Beverly’s daughter Lindsay is outraged about Lula’s actions and uses the cover of night to fill Lula’s little libraries with banned books wrapped in dust jackets that belong to books Lula approves of.

Curiosity being what it is means that inhabitants of the town of Troy pick up books from the Little Library and most of them finish reading the stories even after they discover the book in their hands isn’t what they thought it was.

Actions have consequences and it isn’t long before Lula and Beverly are running against each other in the town’s Mayoral election. And that’s when the repercussions of Lula’s library and Lindsay’s counter-action become visible. Because everybody who picked and read a book from the Little Library has been affected in one way or another.

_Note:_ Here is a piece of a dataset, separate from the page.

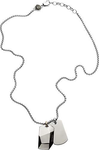Diesel Halsband Für Männer Doppelte Hundemarken, 60Cm+5Cm Silber Edelstahl Halsband, DX1143040

At first glance, this book offers an easy-to-read, mostly light-hearted story. It appears to be one of those Southern novels in which even the bad people end up sounding adorable. Don’t let first impressions fool you though. Once you settle into the story you will find a darker edge to many of the chapters. What really scared me is that quite a few of the right-wing ideas shared on these pages don’t sound immediately shocking or wrong. It’s almost too easy to understand how people stumble into traps laid by people like Donald Trump and how a journey down that road comes without a return ticket for most people.

 Although it is very easy to read and get lost in, this book doesn’t try to make our current reality look any better than it is. In this book, the silent majority are people who have no interest in banning books or excluding certain people from society. They are those who can easily live their lives under the radar and prefer it that way. In this book, as in reality, they don’t speak up until they feel their way of life and/or their sense of fairness is under threat.

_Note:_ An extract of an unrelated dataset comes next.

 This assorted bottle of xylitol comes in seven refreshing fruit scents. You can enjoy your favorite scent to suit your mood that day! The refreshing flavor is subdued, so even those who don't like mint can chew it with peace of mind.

While the book is overall a fun read, we shouldn’t lose sight of the fact that book banning and censorship are real issues, in particular in America. Only this week I came across the following tragic news: An Idaho Public Library Will Become Adults-Only per July 1, 2024. News like that makes me want to cry. There’s a part of me that feels Lula Dean’s Little Library of Banned Books is too easy to read to make a difference in real life. On the other hand, maybe an easy read with characters most people would recognise is exactly what is needed to get people to question what is going on around them. Sure, real life is never going to come with perfect solutions like the ones found in this book, but maybe this book can make imperfect solutions possible in real life. And if that isn’t a fabulous reason to promote Lula Dean’s Little Library of Banned Books, I don’t know what is.